TASK GOAL:
Your answer must be the full listing, reproduced exactly, minus any pictures.

RECORDED DATA:
※
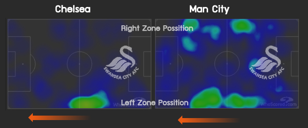 เพราะเมื่อดูตำแหน่งการเคลื่อนที่ในแนวรุกด้านข้างทั้งซ้ายและขวาของสวอนซี ในนัดที่พบกับเซลซีและแมนซิตี้ที่ถือว่าระดับใกล้เคียงกับทีมของเราแล้ว ก็แทบอยากจะเอาเท้าขึ้นไปก่ายหน้าผากอีกรอบ เพราะคิดภาพออกว่าหากโดนสวนกลับในขณะที่แบ๊คทั้งสองข้างอย่างไคลน์และมิลเนอร์ลอยขึ้นไปสูงแล้ว ขึ้นไปช่วยเติมเกมส์รุกแล้วกลับลงมาตั้งรับไม่ทัน มันจะเกิดอะไรขึ้น ท่านที่เข้ามาอ่านก็คงจะทราบใช่ไหมครับ
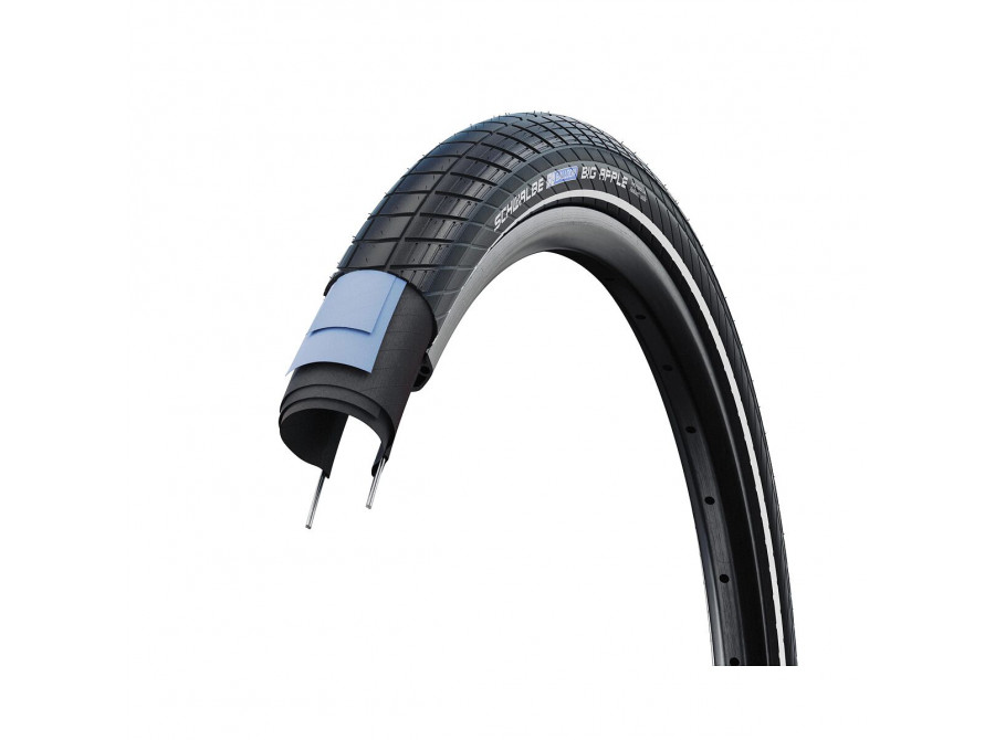 Integrované pružení. S Big Applem začal před 10ti roky trend balónových kol: komfortní cyklistika bez nákladné techniky! Vzduchový polštář pláště je používán jako přirozené pružení. S tlakem cca 2 bary balónové kolo lehce jede a přitom plně pruží. Normální plášť šířky 37mm musí být nahuštěn aspoň na 4 bary, aby se odvaloval stejně.
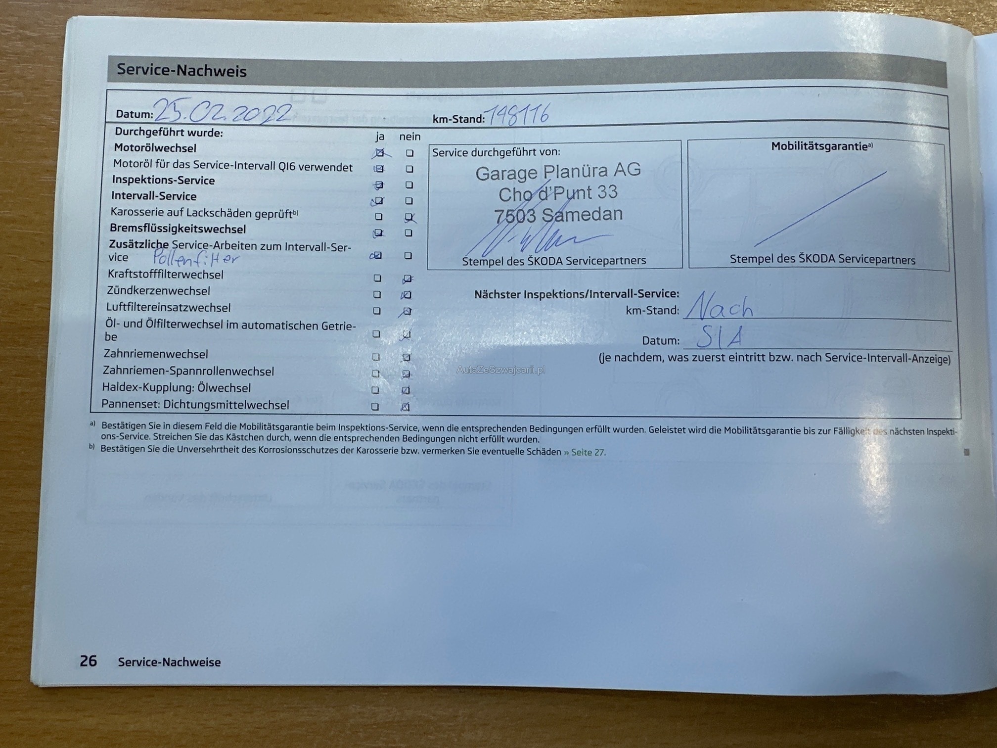 | Kommentar | Fahrzeug wird wegen Neuanschaffung verkauft! Bekannte Mängel: -Leichter Motorölverlust Simmenring/ Kurbelwelle -Korrosion Seitenschweller links und rechts hinten(siehe Fotos) -Dachreling fehlt ein Teil (siehe Fotos) -MFK fällig (letzte am 21.11.2023) -Diverse Kratzer und Dellen, Gebrauchspuren -Diverse Steinschläge -Profiltiefe der Winterreifen ca. 5-6mm Es wurde kein Werkstatttest getätigt. Jede Gewährleistung, soweit nach Gesetz möglich, wird wegbedungen. Insbesondere sind Wandelung und Minderung ausgeschlossen. |
※
OUTPUT:
 เพราะเมื่อดูตำแหน่งการเคลื่อนที่ในแนวรุกด้านข้างทั้งซ้ายและขวาของสวอนซี ในนัดที่พบกับเซลซีและแมนซิตี้ที่ถือว่าระดับใกล้เคียงกับทีมของเราแล้ว ก็แทบอยากจะเอาเท้าขึ้นไปก่ายหน้าผากอีกรอบ เพราะคิดภาพออกว่าหากโดนสวนกลับในขณะที่แบ๊คทั้งสองข้างอย่างไคลน์และมิลเนอร์ลอยขึ้นไปสูงแล้ว ขึ้นไปช่วยเติมเกมส์รุกแล้วกลับลงมาตั้งรับไม่ทัน มันจะเกิดอะไรขึ้น ท่านที่เข้ามาอ่านก็คงจะทราบใช่ไหมครับ
 Integrované pružení. S Big Applem začal před 10ti roky trend balónových kol: komfortní cyklistika bez nákladné techniky! Vzduchový polštář pláště je používán jako přirozené pružení. S tlakem cca 2 bary balónové kolo lehce jede a přitom plně pruží. Normální plášť šířky 37mm musí být nahuštěn aspoň na 4 bary, aby se odvaloval stejně.
 | Kommentar | Fahrzeug wird wegen Neuanschaffung verkauft! Bekannte Mängel: -Leichter Motorölverlust Simmenring/ Kurbelwelle -Korrosion Seitenschweller links und rechts hinten(siehe Fotos) -Dachreling fehlt ein Teil (siehe Fotos) -MFK fällig (letzte am 21.11.2023) -Diverse Kratzer und Dellen, Gebrauchspuren -Diverse Steinschläge -Profiltiefe der Winterreifen ca. 5-6mm Es wurde kein Werkstatttest getätigt. Jede Gewährleistung, soweit nach Gesetz möglich, wird wegbedungen. Insbesondere sind Wandelung und Minderung ausgeschlossen. |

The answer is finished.